With less than one minute of “hands-on time,” it is as simple as “Swab, Swirl, and See.” About InteliSwab: OraSure has received Emergency Use Authorizations (EUA) from the FDA for its InteliSwab COVID-19 rapid tests. The FDA has authorized the InteliSwab COVID-19 Rapid Test for Over-the-Counter (OTC) use without a prescription. The FDA has also authorized the InteliSwab COVID-19 Rapid Test Pro for professional use in point of care (POC) CLIA-waived settings, and the InteliSwab COVID-19 Rapid Test Rx for Prescription Home Use.

These remarkably simple COVID-19 lateral flow tests use samples self-collected from the lower nostrils. InteliSwab's unique design incorporates a built-in swab fully integrated into the end of the test stick. This product has not been FDA cleared or approved, but it has been authorized by the FDA under an EUA.

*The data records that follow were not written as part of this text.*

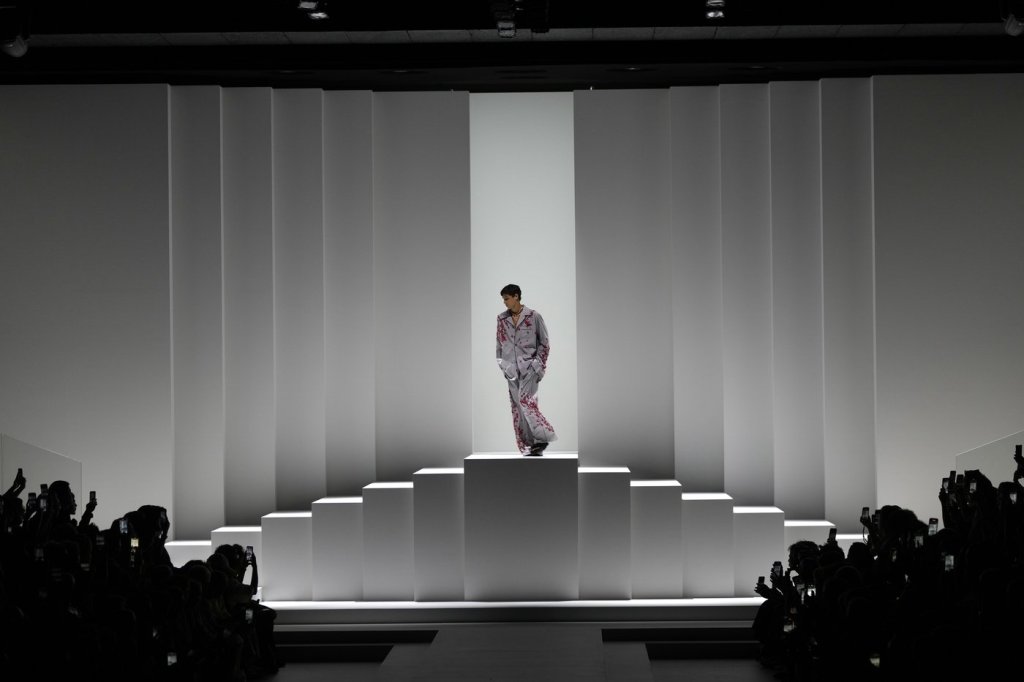 A model wears a creation as part of the men’s Dolce & Gabbana Spring-Summer 2026 collection, that was presented in Milan, Italy, Saturday, June 21, 2025. (AP Photo/Luca Bruno)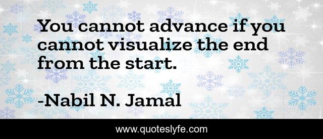 This page presents the quote "You cannot advance if you cannot visualize the end from the start.". Author of this quote is Nabil N. Jamal. This quote is about advance, visualize, end, nabil, start, cannot, nabil-jamal, nabil-n-jamal, jamal,.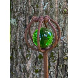 Växtstöd Vildmorot, ca 1 meter högt. Smidigt dekorativt växtstöd i rostigt gjutjärn med en korg som kapslar in en grön glaskula. Stödet har en vinkel och därmed dubbla pinnar nedtill så det är lätt att trampa ned i jorden och sitter dessutom bra.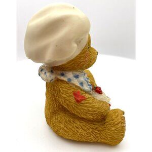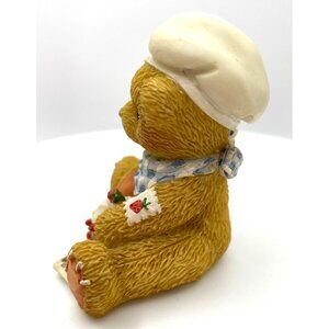 This Cherished Teddy figurine is Mathew and features a chef teddy bear making a strawberry shortcake. 1995 Priscilla Hillman style #156299, Reg No. 5E0/585.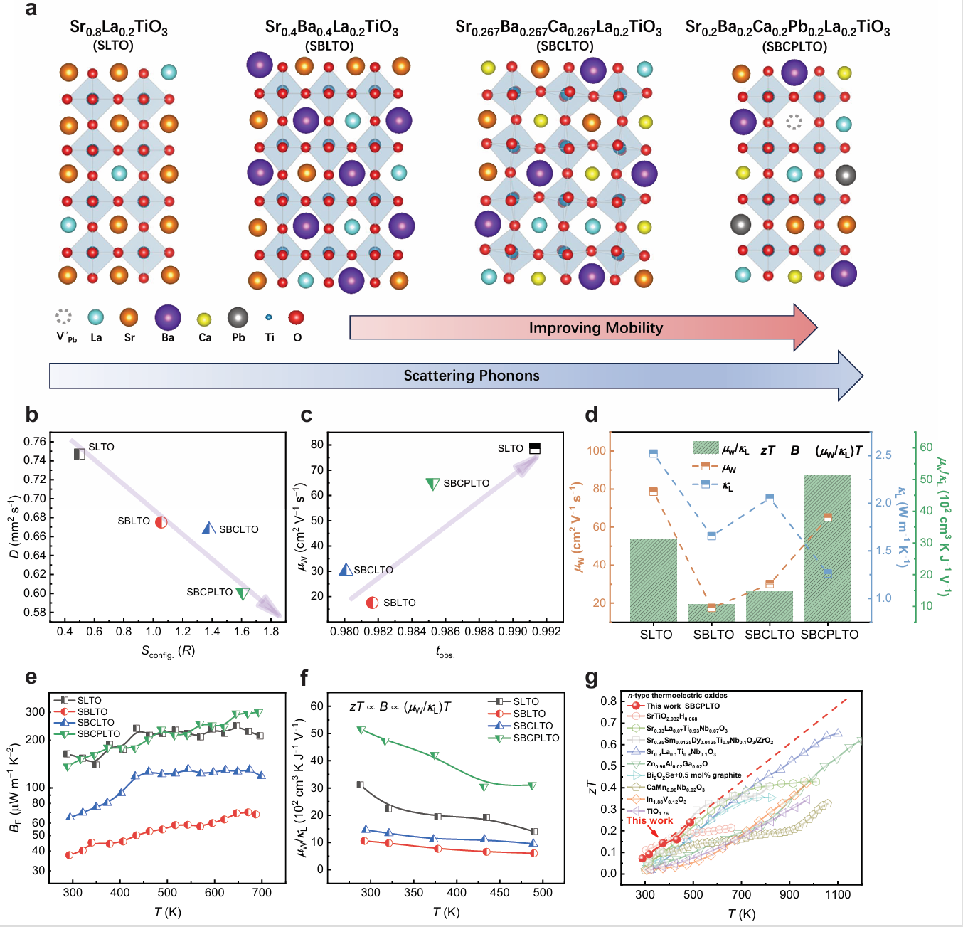 总结来看,由于钛酸锶基钙钛矿(ABO3)中A位主要影响声子声学支和低频光学支,因此A位固溶多种元素对于热传输有着显著散射,结合熵引入的位错和应变,样品的热扩散系数D随着熵Sconfig.增大而降低;另一方面,钛酸锶基体系的电学性能由TiO6八面体决定,因此,不对Ti位进行元素固溶,并通过调控A位元素平均尺寸从而影响钙钛矿结构容忍因子的方式,可以调控材料的Ti位移和电输运性能。容忍因子越接近1,样品的迁移率越高。总而言之,通过熵工程设计时的分位置调控和元素合理选择,本工作在钛酸锶基体系中成功实现了电热输运解耦和高的热电性能(图4)。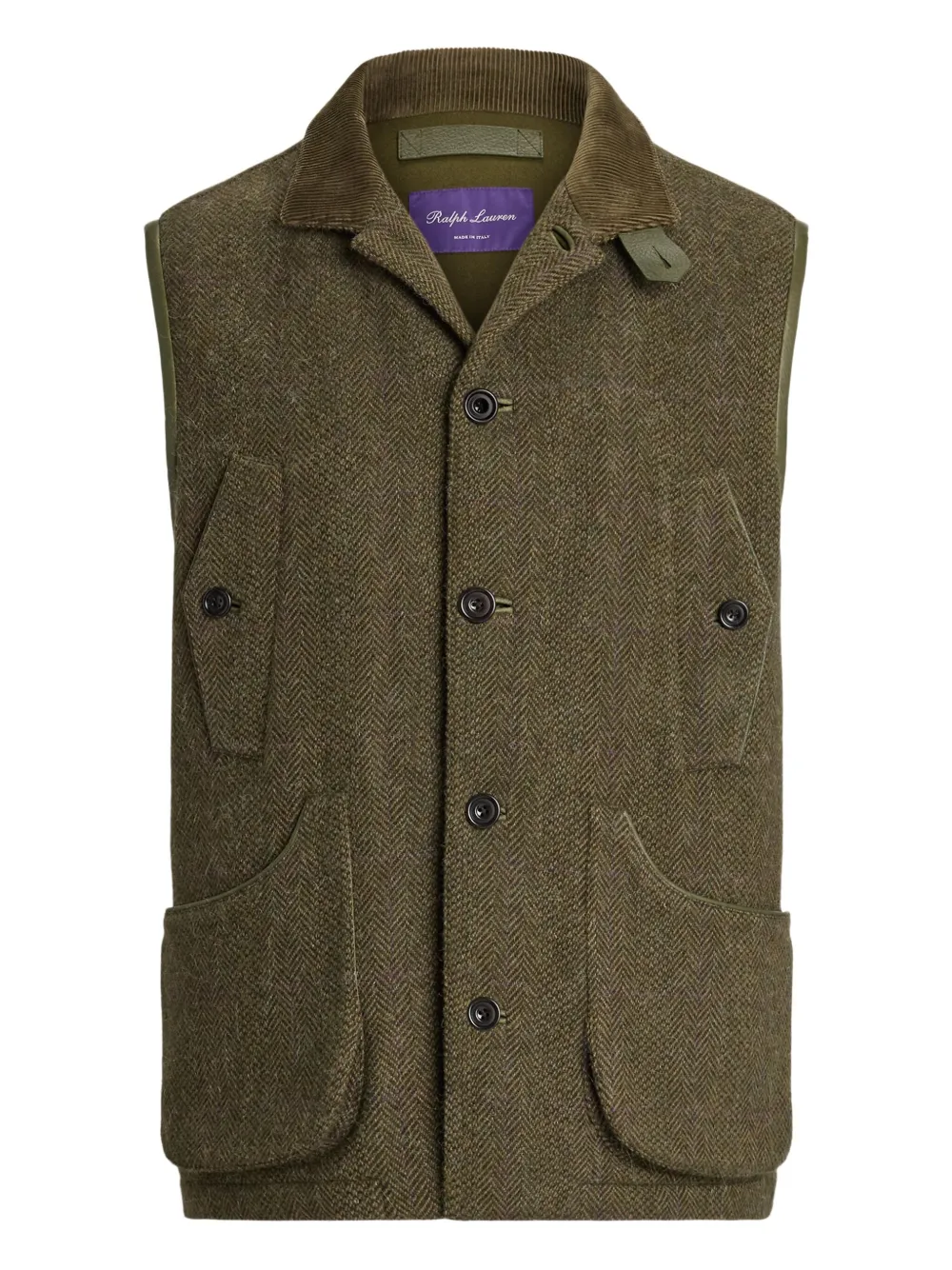 Olivgrün Fischgrätenmuster Knopfverschluss eingefasste Taschen ärmellos

The emergency use of this product has been authorized only for the detection of proteins from SARS-CoV-2, not for any other viruses or pathogens. This product is only authorized for the duration of the declaration that circumstances exist justifying the authorization of emergency use of in vitro diagnostics for detection and/or diagnosis of COVID-19 under Section 564(b)(1) of the Federal Food, Drug and Cosmetic Act, 21 U.S.C. § 360bbb- 3(b)(1), unless the declaration is terminated or authorization is revoked sooner. Multiple government agencies, including the U.S. Department of Defense (DoD) and Department of Health and Human Services (HHS) are working to address COVID-19 testing needs.

Development of the InteliSwab COVID-19 Rapid Test has been funded in whole or in part with federal funds from the HHS; the Office of the Assistant Secretary for Preparedness and Response; Biomedical Advanced Research and Development Authority, Division of Research, Innovation and Ventures under contract number 75A50120C00061, utilizing Health Care Enhancement Act (HCEA) funding. The DoD's Defense Assisted Acquisition (DA2) Cell led the manufacturing expansion effort for the InteliSwab COVID-19 rapid test in coordination with the Department of the Air Force's Acquisition COVID-19 Task Force (DAF ACT). This effort was funded through the American Rescue Plan Act (ARPA) to enable and support domestic industrial base expansion for critical medical resources.